REQUIREMENT » Repeat exactly the lines of the material below that run from the "Rattan Scalloped Bread" line to the "Janelle Monae, fiel" line, including both, and do not carry over any pictures.

MATERIAL TO PROCESS »
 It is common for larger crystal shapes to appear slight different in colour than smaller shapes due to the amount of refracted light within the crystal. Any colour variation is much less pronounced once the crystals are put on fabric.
* * *
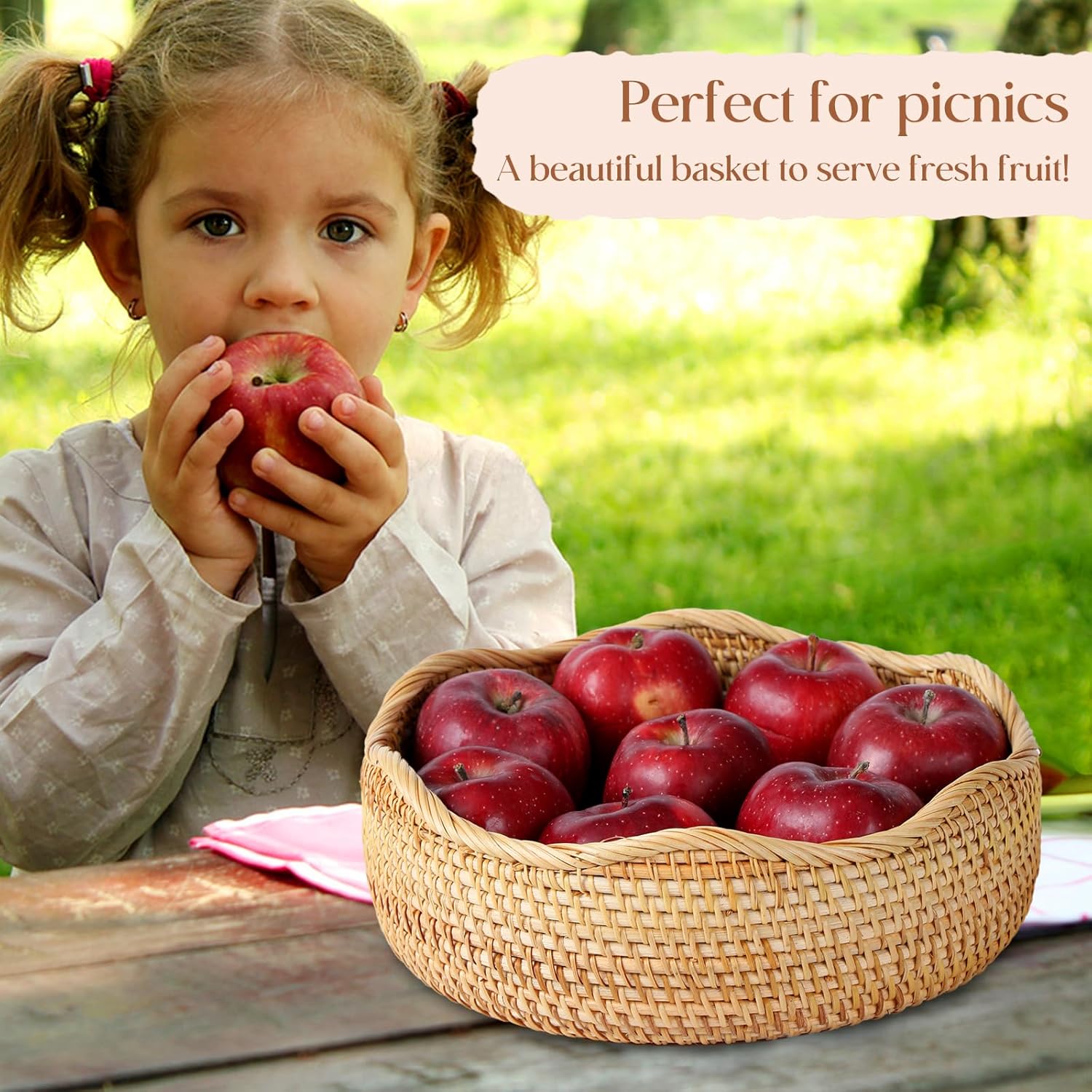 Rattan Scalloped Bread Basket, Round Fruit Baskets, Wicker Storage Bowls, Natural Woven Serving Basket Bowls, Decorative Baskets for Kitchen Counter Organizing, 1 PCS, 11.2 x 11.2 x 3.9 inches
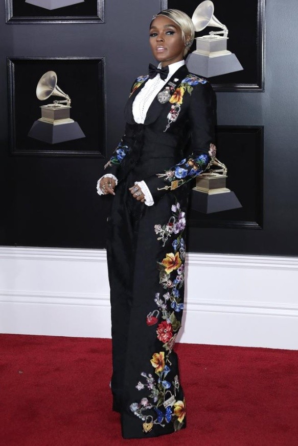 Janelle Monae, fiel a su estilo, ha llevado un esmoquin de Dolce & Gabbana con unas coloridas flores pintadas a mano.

ANSWER TO THIS TASK »
 Rattan Scalloped Bread Basket, Round Fruit Baskets, Wicker Storage Bowls, Natural Woven Serving Basket Bowls, Decorative Baskets for Kitchen Counter Organizing, 1 PCS, 11.2 x 11.2 x 3.9 inches
 Janelle Monae, fiel a su estilo, ha llevado un esmoquin de Dolce & Gabbana con unas coloridas flores pintadas a mano.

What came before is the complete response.